Lyonesse: Suldrun’s Garden by Jack Vance

oie_6184539ElxhnW3oLines from the song “Comedy Tonight” from A Funny Thing Happened on the Way to the Forum sprung to mind numerous times this past week while I was reading Jack Vance’s Lyonesse: Suldrun’s Garden (1983). While definitely not a comedy, it is by turns familiar and peculiar, convulsive and repulsive, as well as dramatic and frenetic. And sometimes, very funny. It is also one of the most inventive, strange, and bewitching books I have had the joy to read.
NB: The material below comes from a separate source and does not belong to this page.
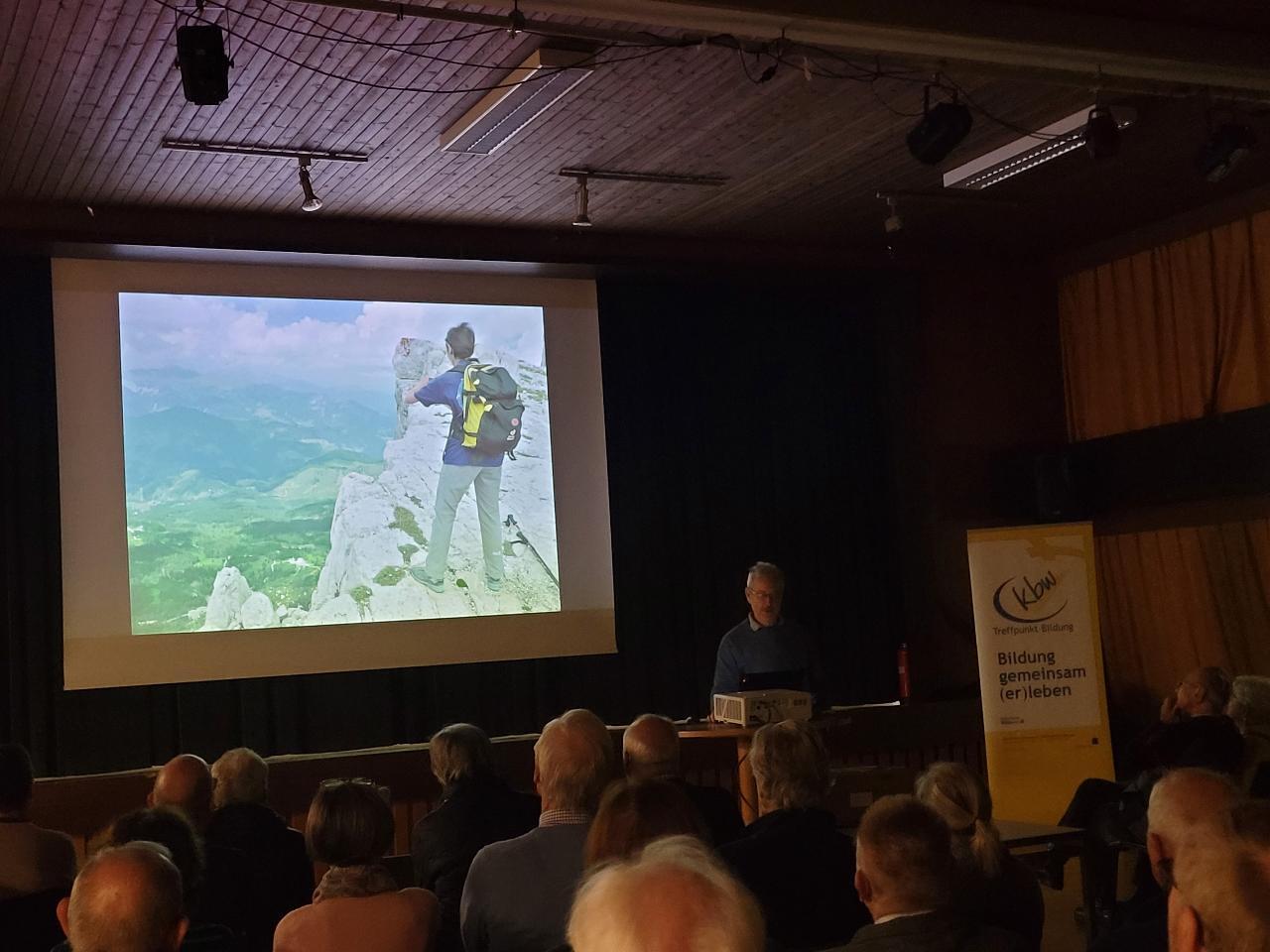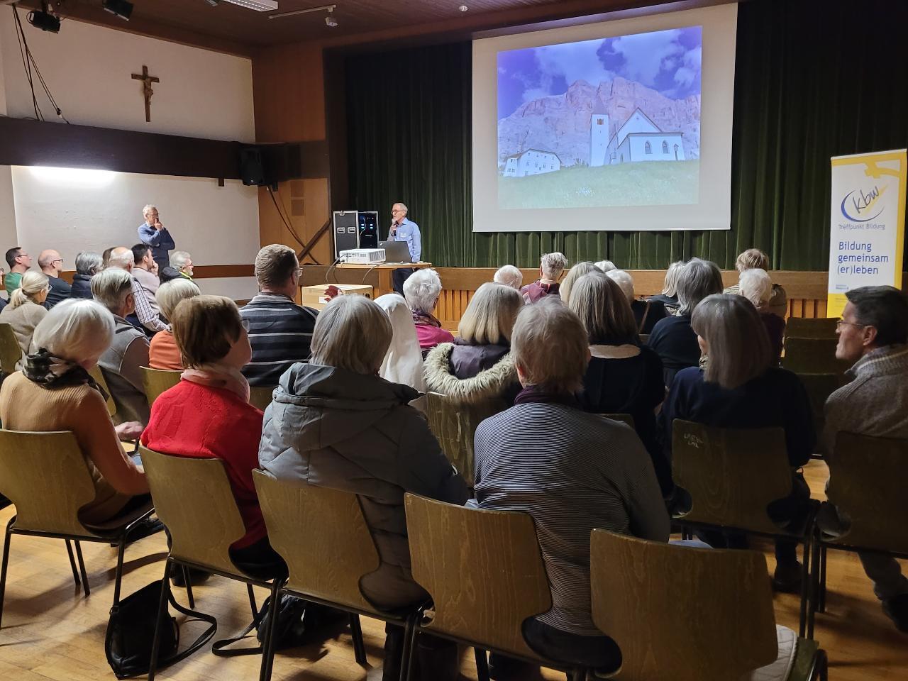 Herr Michael Chalupka führte uns in einer kurzweiligen Präsentation durch die Besonderheiten der wunderbaren Berglandschaften, die den Geburtsort des Heiligen im ladinischen Gadertal wie ein Ring umgeben.
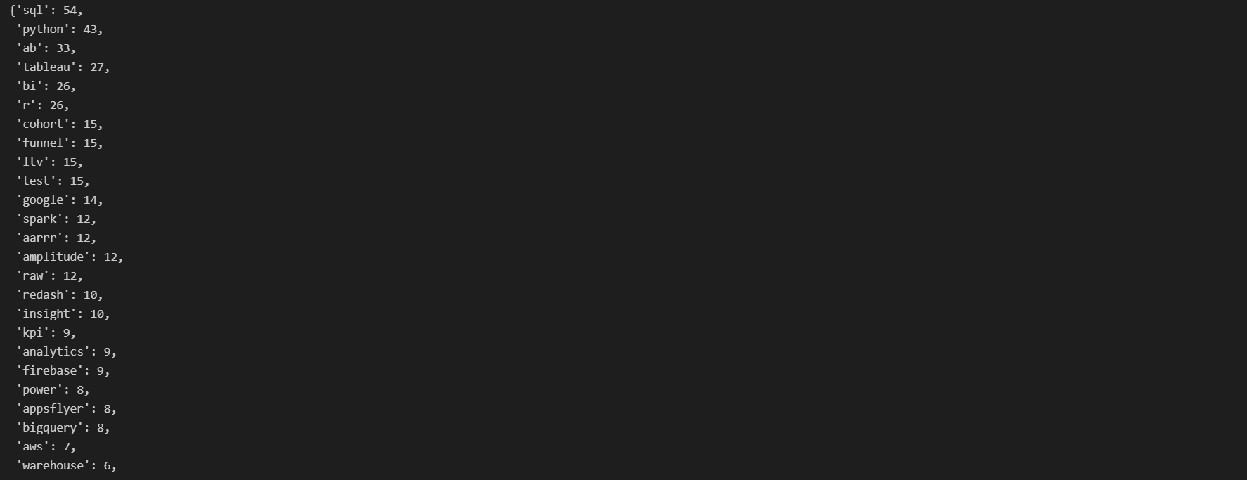 cleaned_counted_ranked = dict(cleaned_counted.most_common()) # 빈도수 내림차순 정렬 후 딕셔너리화

His first collection, the fantasy classic The Dying Earth (which you can read about in John O’Neill’s post here), helped make Vance’s early reputation as a writer of lapidarian prose, cynical wit, and above all as an inventor of incredibly original cultures, worlds, and characters. For the next three decades of his career he seemed to eschew straight fantasy, and most of his published work was science-fiction and mysteries. In 1983, though, he released a lengthy work of fantasy, Lyonesse: Suldrun’s Garden (L:SG). It rapidly shifts from studies of realpolitik, to fey whimsy, to dark violence that might make George R.R. Martin blush, yet it’s never jarring but completely complementary and intoxicating.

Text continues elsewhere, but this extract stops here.